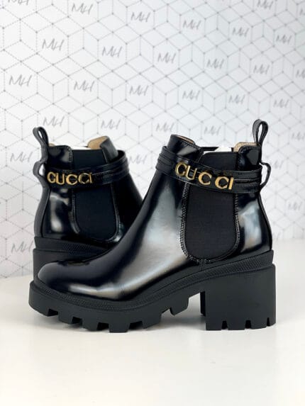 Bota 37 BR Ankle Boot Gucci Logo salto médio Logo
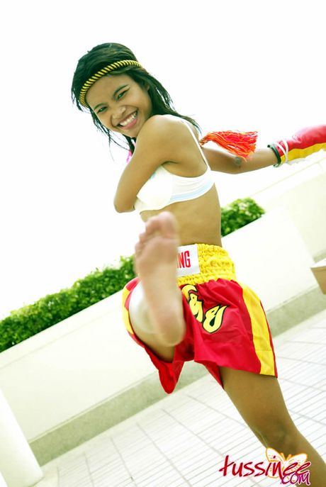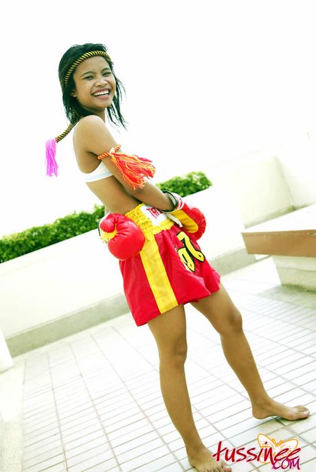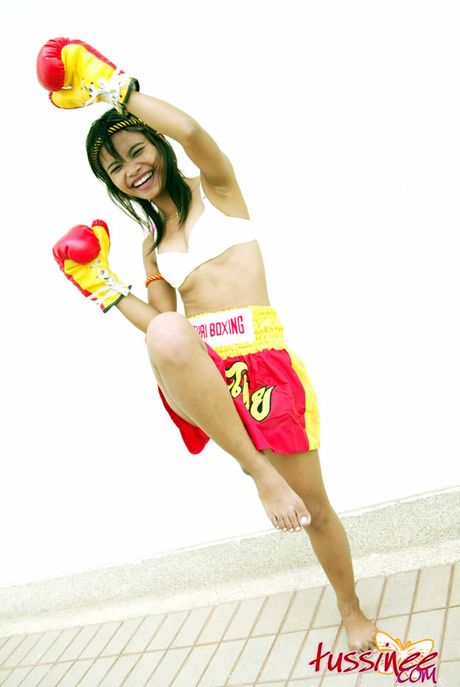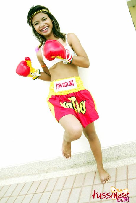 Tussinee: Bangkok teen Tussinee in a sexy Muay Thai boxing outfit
* * *
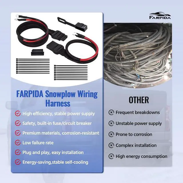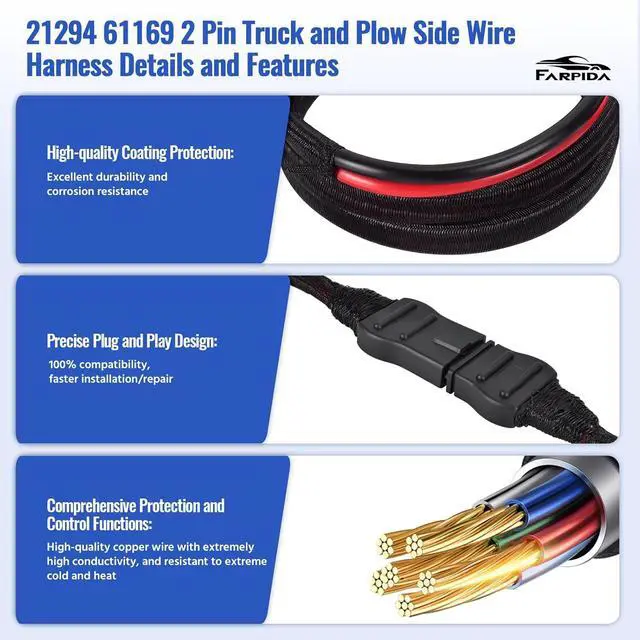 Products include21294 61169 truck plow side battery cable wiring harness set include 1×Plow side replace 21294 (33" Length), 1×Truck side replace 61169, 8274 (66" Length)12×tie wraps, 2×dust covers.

■ **What is required**:
Would you give again, exactly, the lines in the data above that run from the line containing "Bota 37 BR Ankle" to the line containing "Tussinee: Bangkok teen"? Include both ends and no pictures.

■ **Problem solution**:
 Bota 37 BR Ankle Boot Gucci Logo salto médio Logo
 Tussinee: Bangkok teen Tussinee in a sexy Muay Thai boxing outfit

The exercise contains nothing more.